Langkah yang dapat direkomendasikan secara umum yaitu dengan stabilisasi harga serta pasokan dan meningkatkan
konsumsi masyarakat, diantaranya melalui upaya-upaya sebagai berikut:
a)Untuk barang-barang pokok yang sedang
terjadi surplus produksi, pelaku usaha dapat diarahkan untuk memanfaatkan
berbagai fasilitas/program yang dijalankan pemerintah, misalnya Sistem Resi
Gudang menunggu hingga harga kembali stabil. Selain itu, barang mudah rusak
(perishable good) perlu difasilitasi dengan cold storage, blast freezer hingga
gudang dengan pengaturan suhu (CAS) hingga pembangunan cold chain.
b)Untuk barang pokok yang mengalami
kenaikan harga, misalnya untuk minyak goreng, pemerintah perlu menyiapkan
langkah stabilisasi harga dan pasokannya melalui pemantauan pasokan secara
lebih intensif ke produsen dan juga menjamin kecukupan stok di dalam negeri
dalam rangka mengantisipasi fluktuasi harga lebih lanjut.
c)Bagi barang pokok dengan disparitas
harga antar wilayah yang cukup tinggi, dapat memfasilitasi penyediaan informasi
pasokan bapok yang akurat baik kepada pemerintah daerah maupun pelaku usaha
sehingga perdagangan antar wilayah surplus dan defisit dapat ditingkatkan.
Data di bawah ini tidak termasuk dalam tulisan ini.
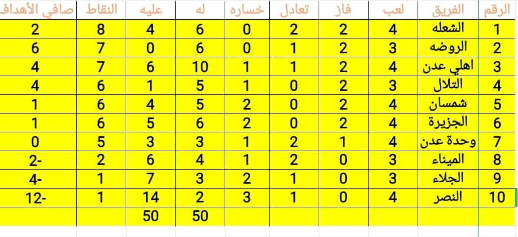 وحدة عدن المركز السابع بخمس نقاط من اربع مباريات.
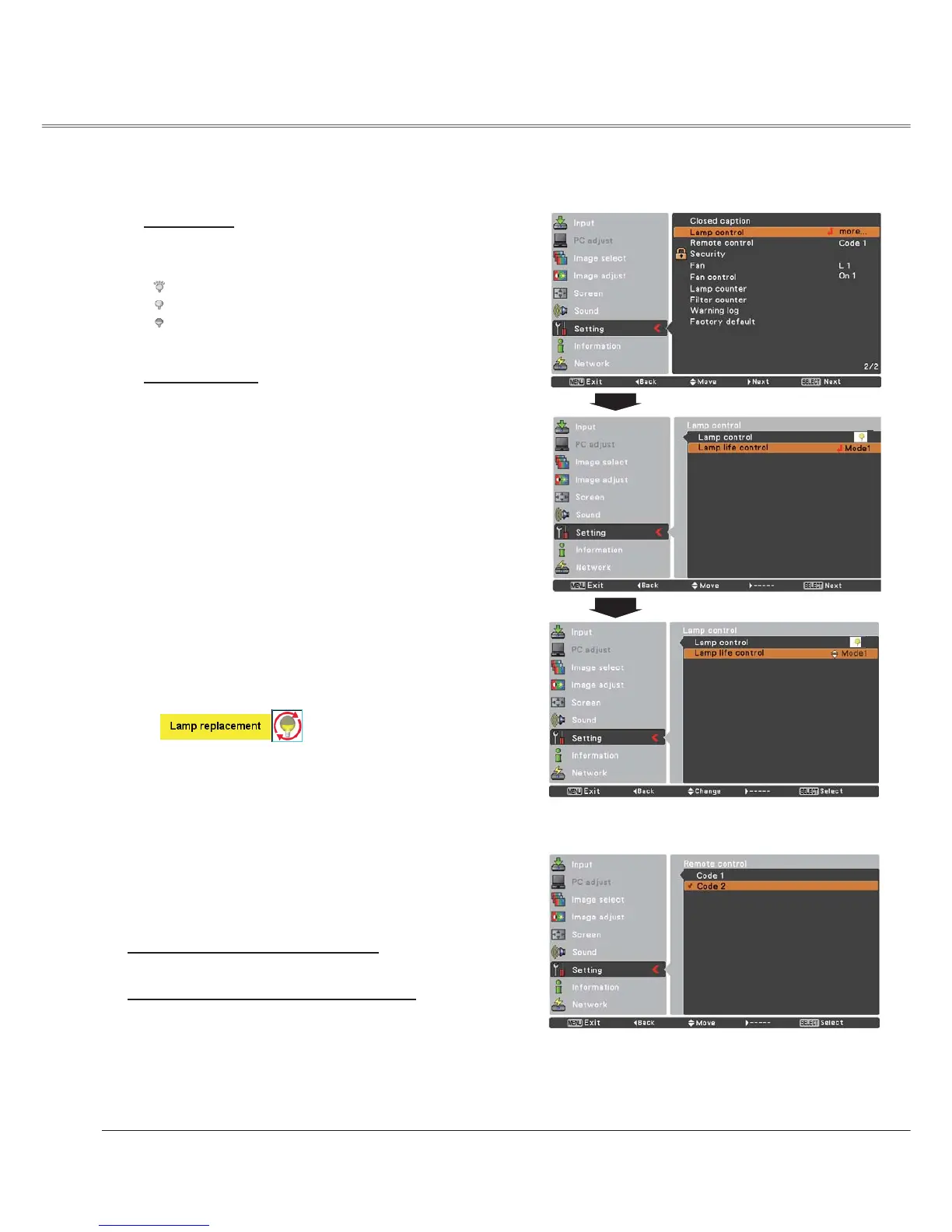 Eco ............ Lower brightness reduces the lamp
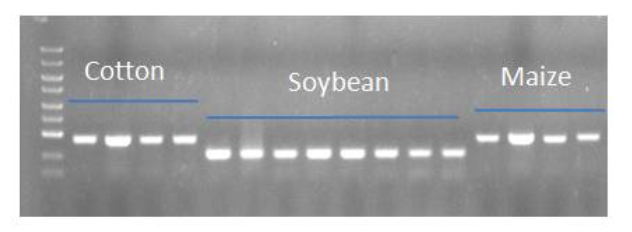 使用本试剂盒针对玉米、大豆、棉花三种样本的多个不同叶片,进行直接PCR扩增实验,扩增产物的琼脂糖凝胶电泳结果如下图所示:
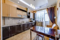 Большой плюс — это просторная кухня в 14,6 кв.м. с посудомоечной машиной и электрическим духовым шкафом, вытяжкой.
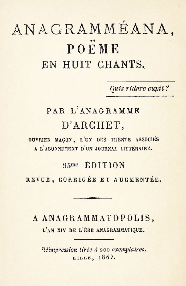 *** START OF THE PROJECT GUTENBERG EBOOK ANAGRAMMÉANA, POËME EN HUIT CHANTS ***
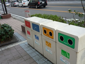 見えづらいがゴミ箱の奥の看板に、「市の中の美観地区だからゴミ捨てるな」と書いてある。
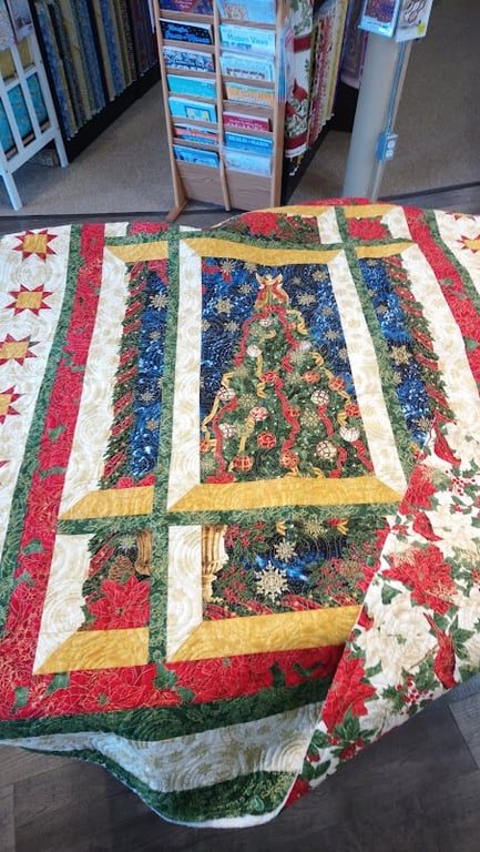 The image showcases a beautifully crafted quilt featuring vibrant holiday-themed patterns, including a Christmas tree and floral designs.
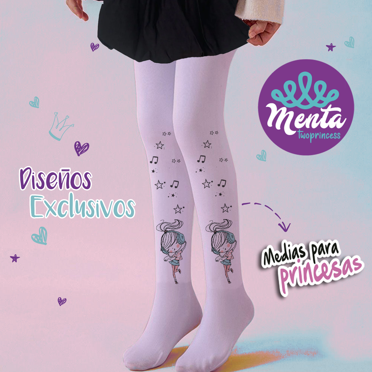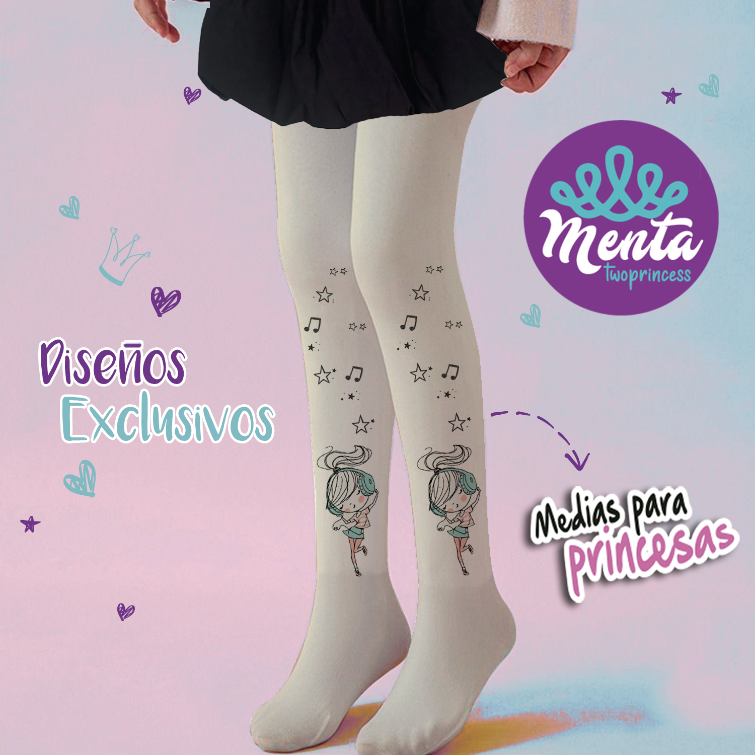 Media pantalon Ref: Musicgirl estampada en microfibra, para princesas.

Dengan demikian diharapkan disparitas harga akan menurun.
d)Secara berkesinambungan melakukan
pengawasan terhadap penyimpanan dan penyaluran bahan pokok untuk menjamin mutu
barang pokok yang dikonsumsi masyarakat dan juga mencegah terjadinya penimbunan
bahan pokok, sehingga harga yang terbentuk di pasar benar-benar mencerminkan
permintaan dan penawaran bahan kebutuhan pokok secara akurat.
e)Mengoptimalkan program kerja terkait
distribusi bapok, misalnya Tol Laut dan Gerai Maritim melalui peningkatan
jumlah subsidi, relaksasi jenis barang yang diangkut, dan penambahan rute
pelayaran untuk memastikan ketersediaan barang dan menjaga daya beli masyarakat
khususnya di wilayah Tertinggal, Terluar, Terpencil, dan Perbatasan (3TP) yang
rentan terhadap fluktuasi harga.
f)Fasilitasi perluasan akses masyarakat
terhadap barang-barang bapok. Salah satu saluran pemasaran dapat melalui
kegiatan atau even promosi produk lokal yang melibatkan UMKM dan produsen
komoditas produk lokal baik secara fisik atau non fisik. Secara fisik misalnya
dengan membuka pasar murah di lokasi-lokasi tertentu dengan tetap memperhatikan
protokol kesehatan. Sementara pasar murah non fisik dapat dilakukan misalnya
melalui pekan promosi pada platform e-commerce.
g)Mengupayakan pengurangan hambatan
perdagangan pada e-commerce misalnya dengan menunda pengenaan pajak pada
e-commerce setidaknya hingga akhir tahun 2020. Dengan demikian diharapkan harga
di konsumen dapat lebih kompetitif sehingga tetap terjangkau oleh masyarakat di
berbagai lapisan ekonomi.
h)Meningkatkan koordinasi lebih lanjut
antar K/L khususnya yang memiliki program kerja yang mampu mendorong
peningkatan daya beli masyarakat untuk mempercepat realisasi penyalurannya
misalnya subsidi gaji, Bantuan Langsung Tunai (BLT), bantuan sosial (bansos),
pasar murah bapok bersubsidi, dan sebagainya.